= Christian Amatore =

French chemist

Christian Amatore (born 9 December 1951 in Algeria) is a French chemist and a member of the French Academy of Sciences. He is an author of works in electrochemistry.

== Biography ==
Coming from a modest family (Sicilian by his father, Swedish by his mother), he spent a large part of his childhood in Algeria in several garrison towns of Laghouat, Hain-el-Adjar, Sidi Bel Abbès where his father was an NCO of the Foreign Legion. He followed his father's advice "if you are intelligent but you have no education, you remain mute" and followed brilliant studies in Algeria and then in France where his Blackfoot family was repatriated: first to the Lycée Pascal-Paoli in Corte, then to the Lycée Thiers in Marseille where he completed two years of preparatory classes, and finally to the École normale supérieure (rue d'Ulm - Paris) where he obtained the agrégation de chimie in 1974. At the age of 18, he opted for French nationality. Following his thesis at the University of Paris-VII under Jean-Michel Savéant, he was recruited by CNRS as a Research Associate Professor in Physical Chemistry. After this, he left for the United States for two years as Assistant Professor in an organometallic chemistry research laboratory where he met Mark Wightman at Indiana University with whom he had a pioneering role in the development of ultramicroelectrodes that he applied in artificial synapses.

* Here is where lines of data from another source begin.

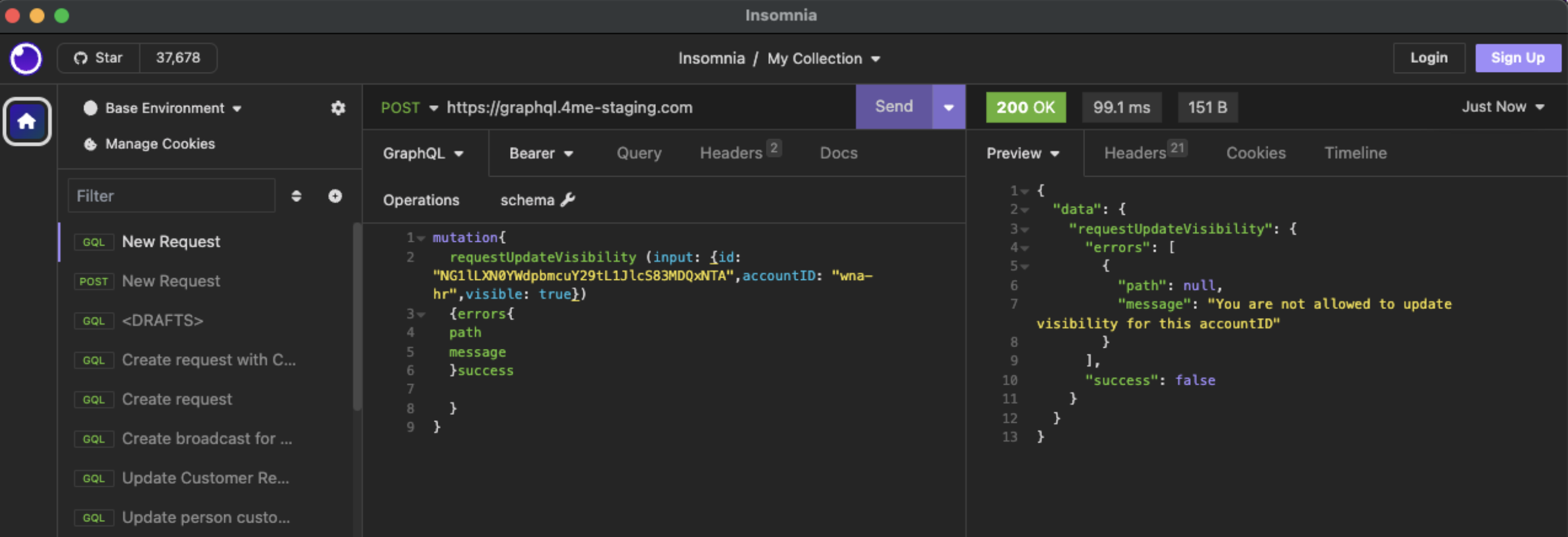 With this mutation, administrators can remove visibility for affected request accounts to ensure requests are only accessible to the intended parties. Visibility changes are subject to the following conditions: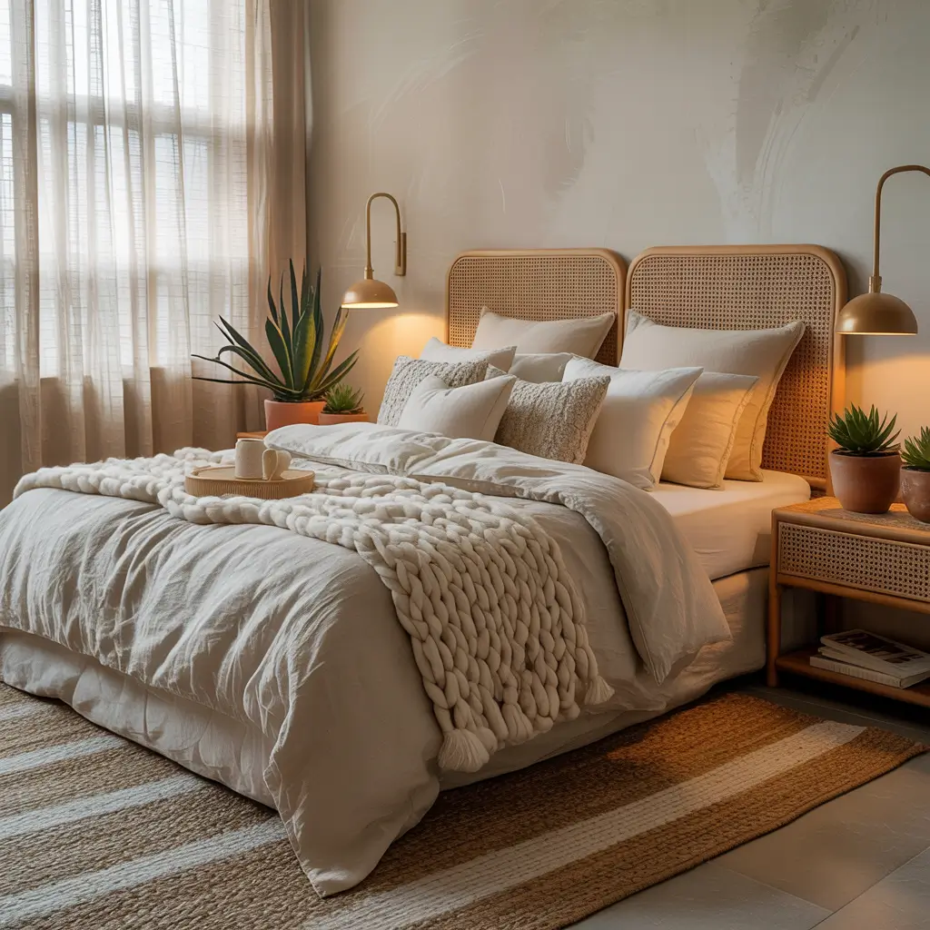 Woven textures bring that instant coastal-meets-bohemian vibe that makes a bedroom feel like a high-end retreat. Rattan and wicker aren’t just for beach houses anymore.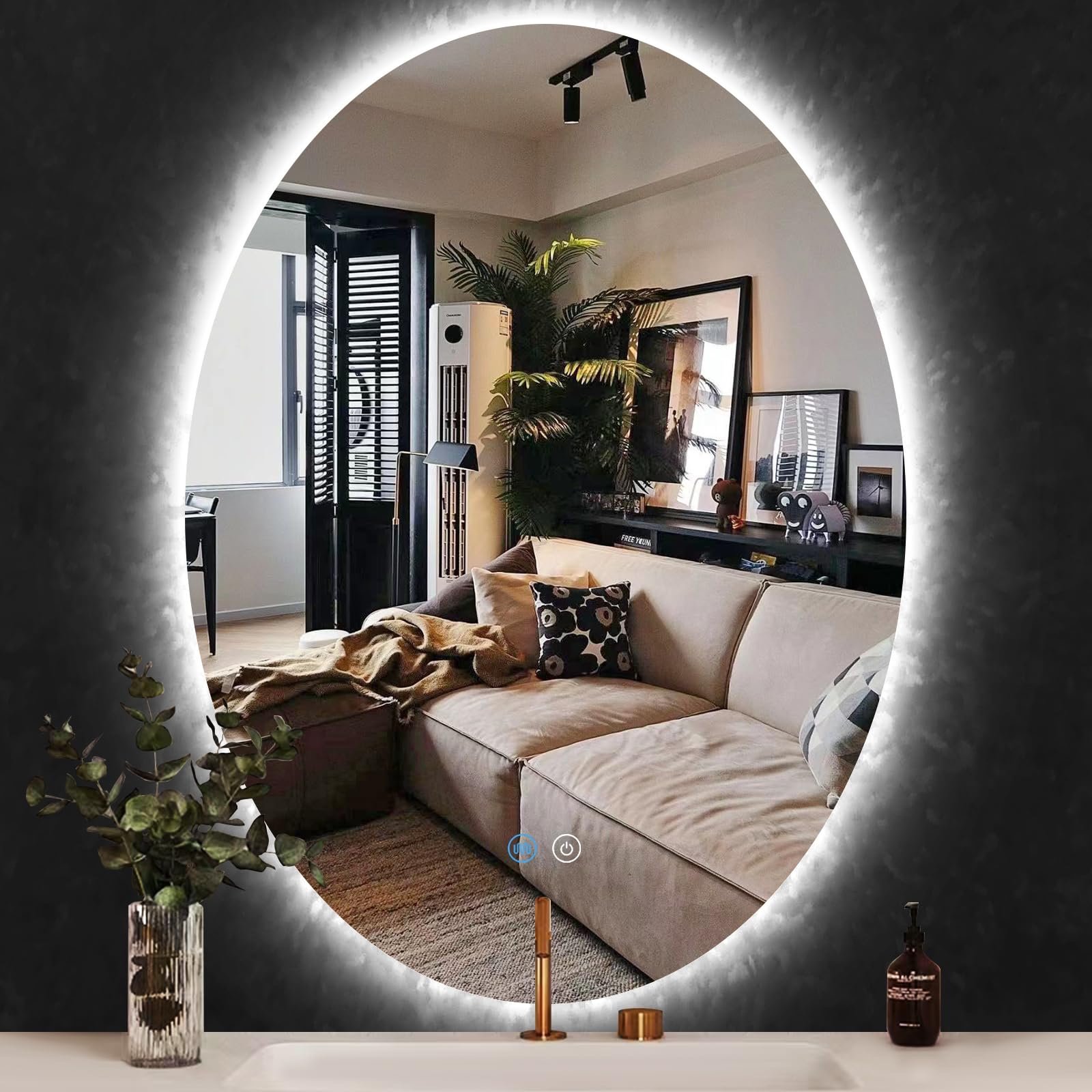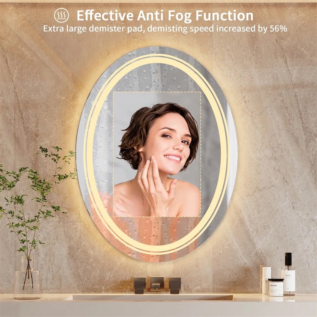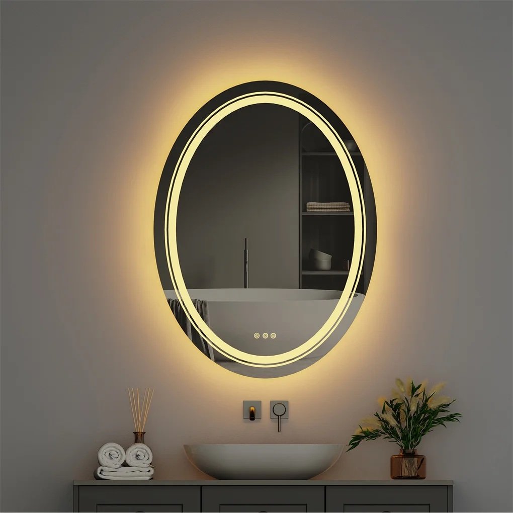 - Dual Lights Bring Super Bright Experience – LUVODI oval LED mirror uses two led strips, the front light and backlit can double the illumination, The strips use 2835 lamp beads, 120LED/m, the lumen reaches 4140-4968lm, CRI≥90, and service life up to 50,000 hours, Long touch the left button to stepless dimming, can fully meet your lighting needs no matter day or night, 5MM copper-free silver-plated mirror with high fidelity of 95-97%, distortion-free HD imaging, perfect for makeup or shaving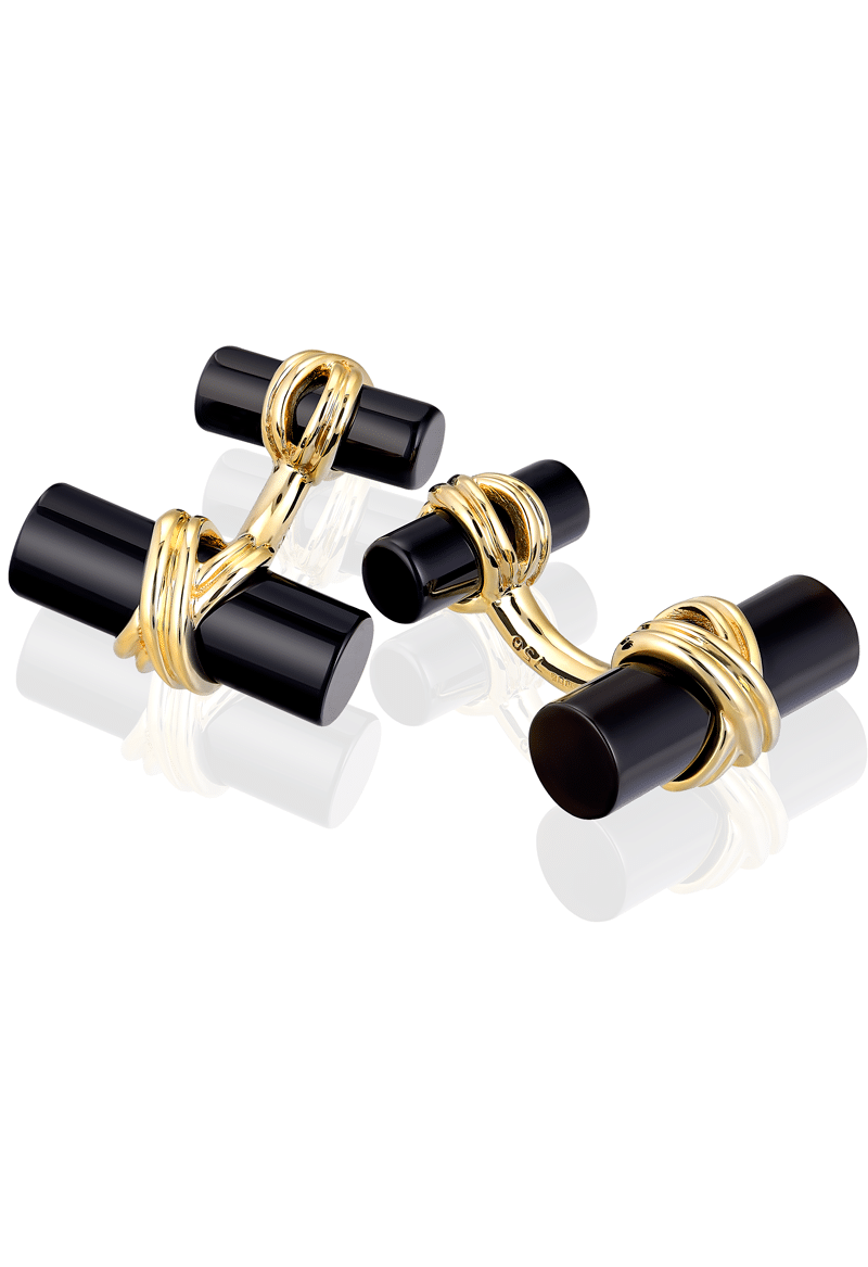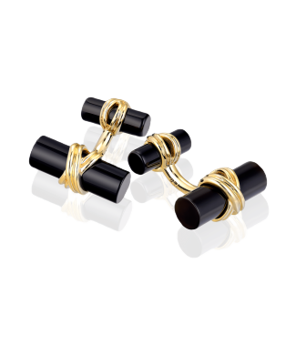 Запонки Tiffany & Сo выполненные из желтого золота 750 пробы с ониксом. Размер 20 х 10 мм. Вес изделия - 13,83 гр.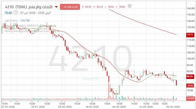 سهم "الأبحاث والإعلام" في اتجاه هابط وسط استمرار الضغوط البيعية, اليوم الثلاثاء 7 أبريل 2026 02:13 مساءً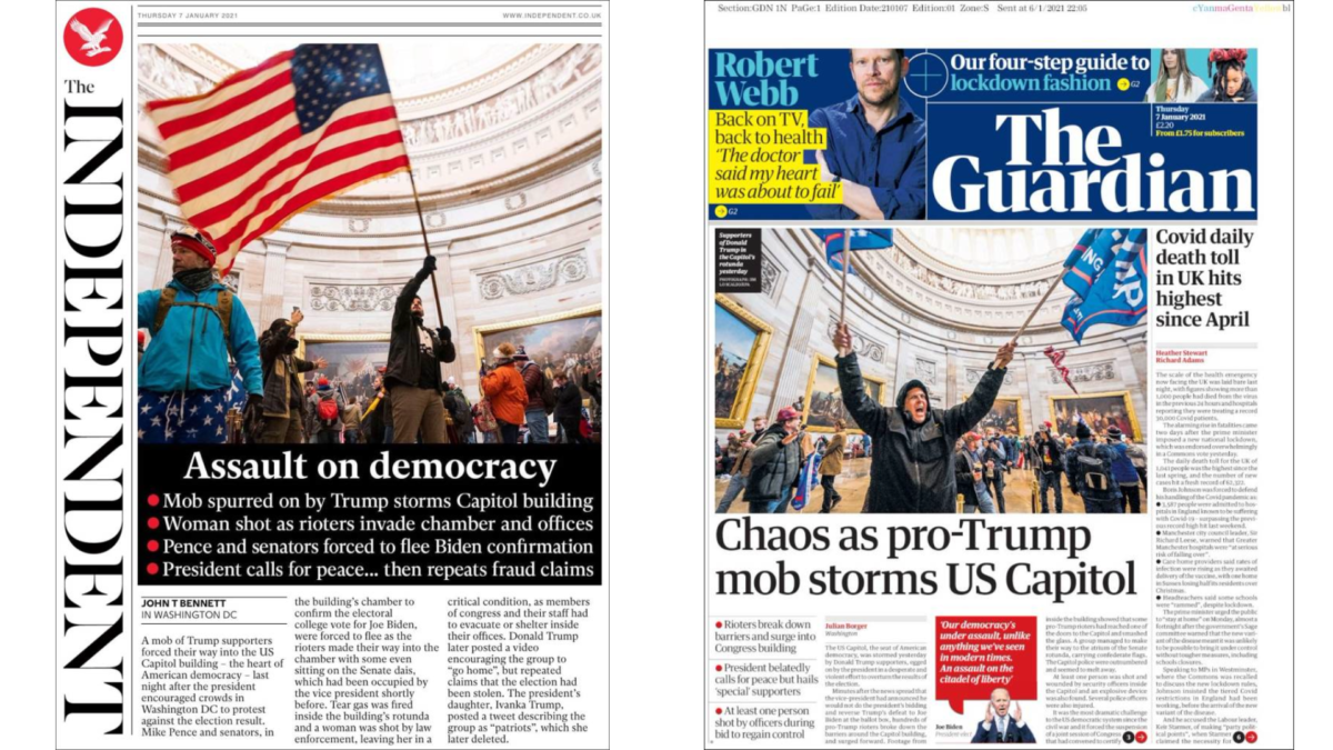 Anarchy in the US! Front Pages From Around the World Blasted the Trump-Incited Capitol Attack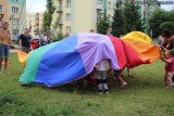 W piątek 8 lipca dzieci zostały zaproszone wspólnie z rodzicami na spotkanie "Wakacyjne Podwórko" zorganizowane przez Miejski Dom Kultury na osiedlu Lubiejewska.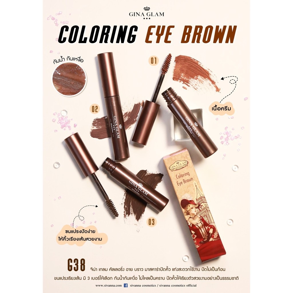 GINA GLAM Coloring Eyebrow – G38 จีน่า เกลม คัลเลอร์ริ่ง อายบราวน์ มาสคาร่าสำหรับปัดคิ้ว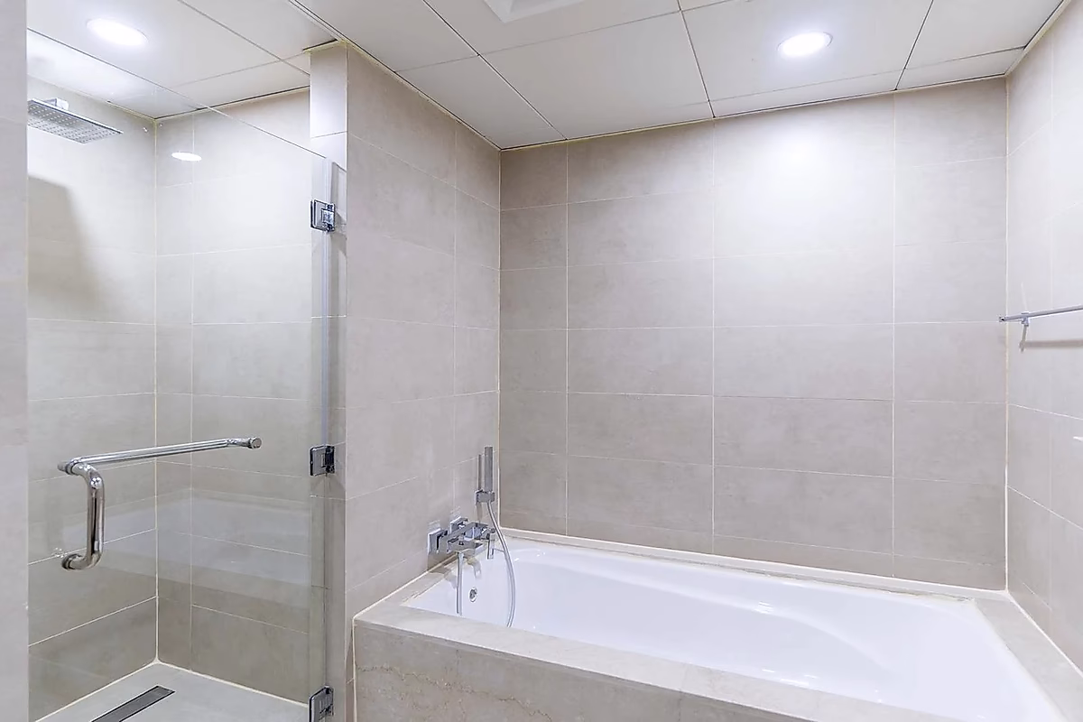 يتميز الحمام الحديث بجمع بين الدش/البانيو، وحوض للغسيل مع مساحة تخزين، وتجهيزات عصرية.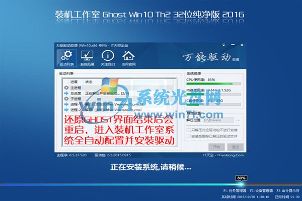 9,还原GHOST界面结速后会重启,进入装机工作室系统全自动配置并安装当前电脑适合的驱动,如下图所示。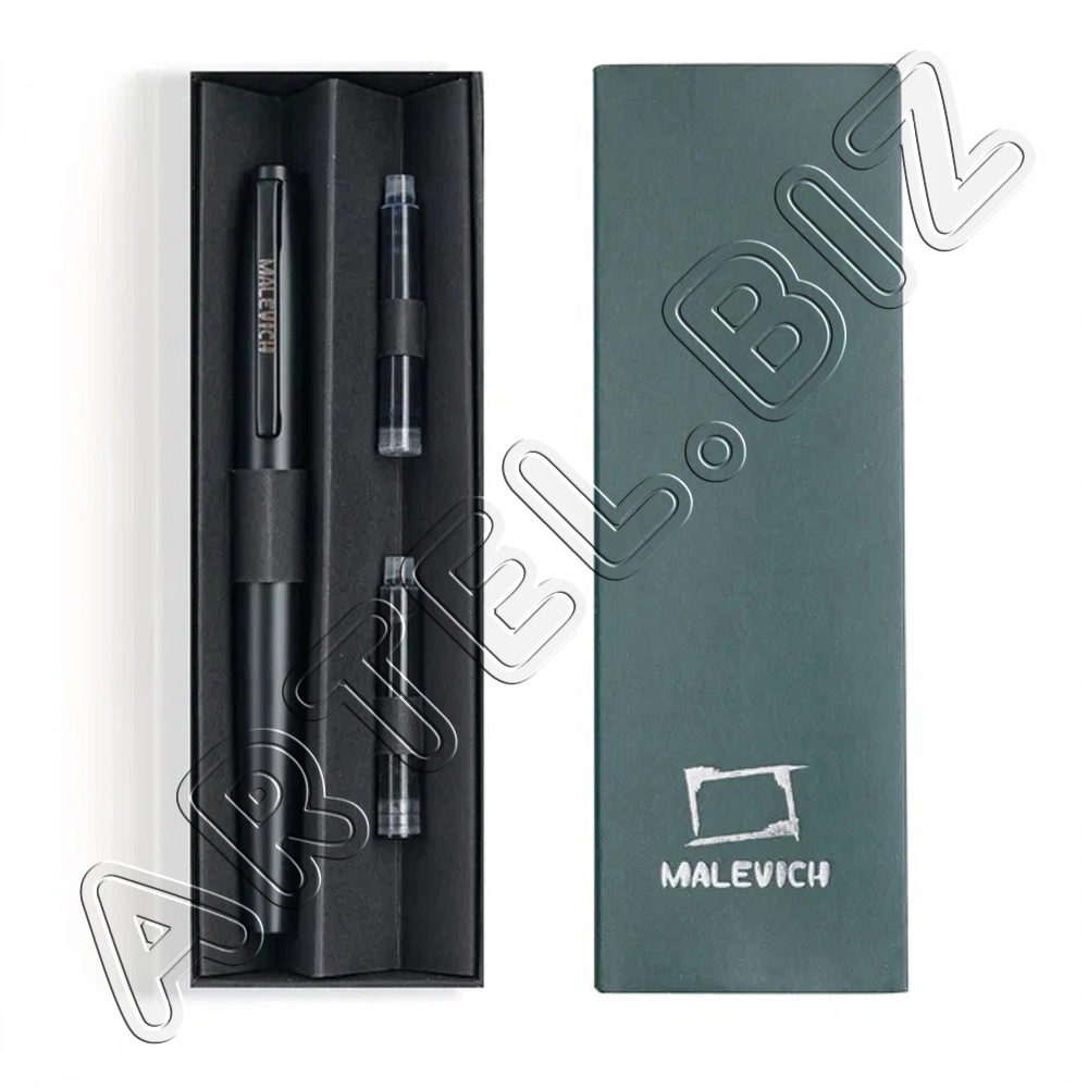 Ручка перьевая с конвертером, перо EF 0,4 mm, набор с чернилами и значком, Чёрная, Малевичъ

In 1984, he returned to France to found his laboratory at the ENS and became Director of the Chemistry Department at the ENS in 1997. He held these management functions until 2006.

== Career ==

- Normalien (1971), agrégé de chimie (1974), docteur ès sciences (1979), docteur honoris causa from several European and Asian universities
- Research Director at the CNRS, Professor at the ENS.
- Correspondent of the French Academy of Sciences in April 1996, member in November 2002.
- Delegate for Education and Training of the French Academy of Sciences (2011)
- Member of the steering committee of the Fondation Écologie d'Avenir.